Moving forward, I strongly believe that SPY will either get stuck between that orange rectangle or fall to 110.5-111 area. Seeing as how the market has become so inactive that I would call it boring, I suspect that we will probably move sideways along this level (also, another Fibonacci study I did showed that the market is indeed showing indications of continuing to move sideways).

- Wown
StockJockz.blogspot.com

Monday, January 18, 2010

Backtesting a trading system

This post is mostly my feedback and analysis on a system that MarketMike has been working on. I figured it might be interesting to follow along for the readers and also interesting for us to look back and see how we developed it.



Above is the chart with the system implemented and the signals it has given since March on SPY. As it stands now, if you followed this system, you would have made -17.72%. But this does not mean that this is a complete waste, and below I show you why.

First, I think the logic on the system is reversed. If you simply turn all the short orders into long orders and long orders into short, you would have returned 21.52% since March.

Of course this falls very shy of the close to 68% you would have returned had you simply bought in March and never sold. So clearly we missed the boat on some good opportunities such as in July, October, and November. This is something that I will try to fix and see if I cannot get the system to not miss such good opportunities. An important thing to note, however, is the fact that once you reversed the orders you lost money only twice over the last year, which is pretty impressive.
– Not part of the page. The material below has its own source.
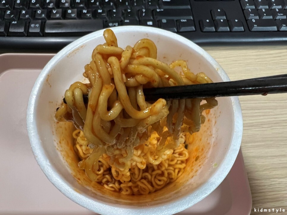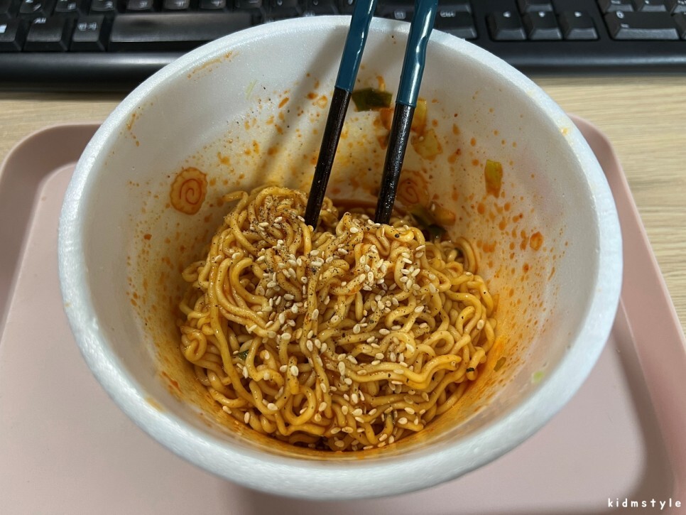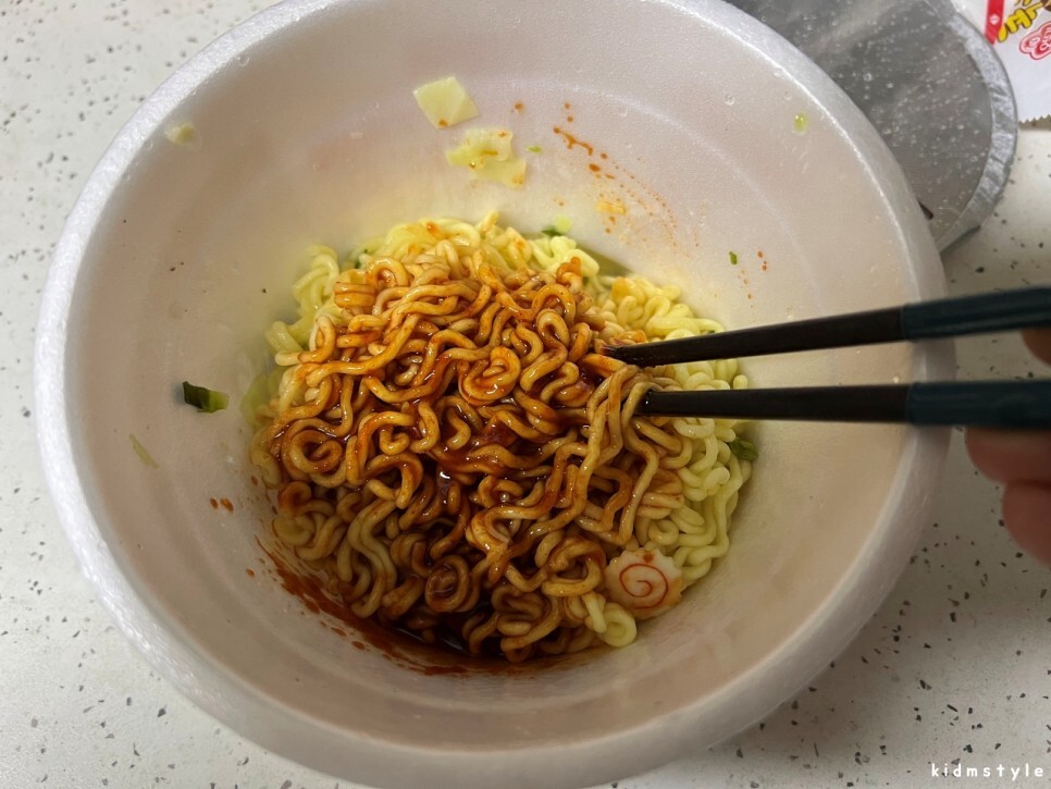 준비하는데 시간이 5분 넘게 걸리고 먹는데 3분 걸렸나? 그냥 순삭이다. 한 끼 식사 대용으로 먹으려면 3개 정도 먹어야 할 것 같다. 다 먹고 나니 매콤함이 입가에 맴돈다. 간식으로 먹기가 참 좋은데 맵찔이들은 유의할 것! 정말 입맛 돋우기 딱 좋은 간식이다. 요즘 어린이들에게 상당히 인기가 많은 간식이라고 하는데 어른이 먹어보면 더 맛있어 할 것 같은 제품이다. 맛있게 잘 먹었다.

I think if the system were supplemented with Fibonacci studies, one could filter out the unimportant trades and even find ones that the system missed. This will allow us to fine tune the system. Below is a chart of SPY on which I have drawn several Fibonacci levels. Note that all the levels I have drawn are based on data prior to 4/14/2009. So essentially all the Fibonacci levels are drawn as if today was 4/14/2009. This also assumes that I have ignored any signals the system has given up to this point.
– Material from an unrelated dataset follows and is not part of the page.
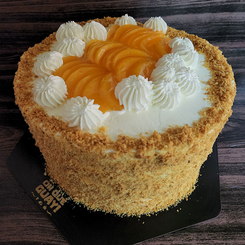 Bizcocho de vainilla, relleno con crema chantilly y trozos de durazno.

As you can see there is very strong support at $81.50 and $82. SPY reached this level on 4/21/2009 Referring back to the chart above, you can see that there is in fact a Short (or after reversal, a long) signal on that very day. So I would have said, “OK, time to go long SPY”.

At this point, I would also project my resistance levels which you can see on the chart below. This time all Fibonacci levels are drawn using data prior to 4/21/2009, the day I went long SPY. As you can see the resistance lies between 87.15 and 87.5. We reached this price on 4/30 and lo and behold, the system gives a sell signal on that very day. My return on this trade would have been approximately 6.6%.Unfortunately, I would have got out too soon because had I waited another week, I would have made another 3% or so.
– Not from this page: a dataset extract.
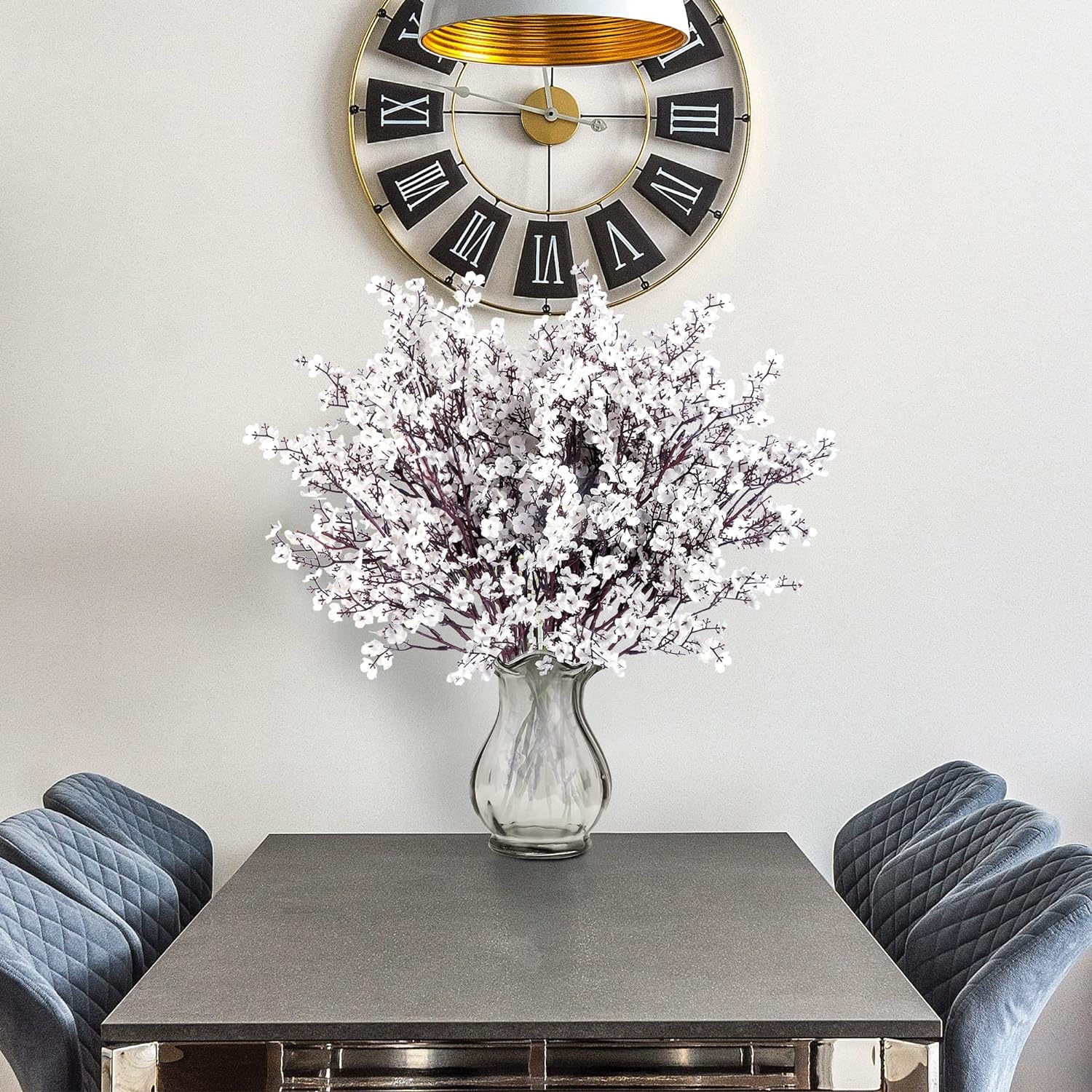 - [REALISTIC APEARRANCE]:This gypsophila bouquet have vibrant color and lifelike features. It gives your home a feeling of vivid, natural and elegant. Every petal is naturally curled and manually installed, you can feel the rich layers and softness of the silk.

The next buy signal I get is on 5/8. I would not enter this position, however, because Fibonacci is telling me that there is resistance at $91.8. A very similar situation occurred on 5/12 and again I would not have entered this position unless I saw that the price broke the resistance lines. Not surprisingly, SPY hit the resistance lines and then fell right back to the 87.50 area which we had identified as resistance (and has now become support).



Ideally, the system should have given a buy signal on 5/15 or 5/26. There was a double bottom at a very important support level and I would have definitely liked to go long at this point. Had I gone long using the Fibonacci information, I would have entered at around 87.50 and exited at 91.70, returning around 5%.

After this the system is quiet for a long time, which is unfortunate because right around 7/10, it missed a huge opportunity that Fibonacci would have caught and returned around 15%. Many other such opportunities are missed and most of the other signals do not lie on Fibonacci levels or give false signals.

I think after some fine tuning this has the potential to be a very effective trading system. I think that the indicators need to be set on a faster response. I realize that this will give a lot more false signals, but you can eliminate those false signals using supplemental studies like Fibonacci or EW.
I also need to analyze other securities and see how the system works on them. Will keep you posted.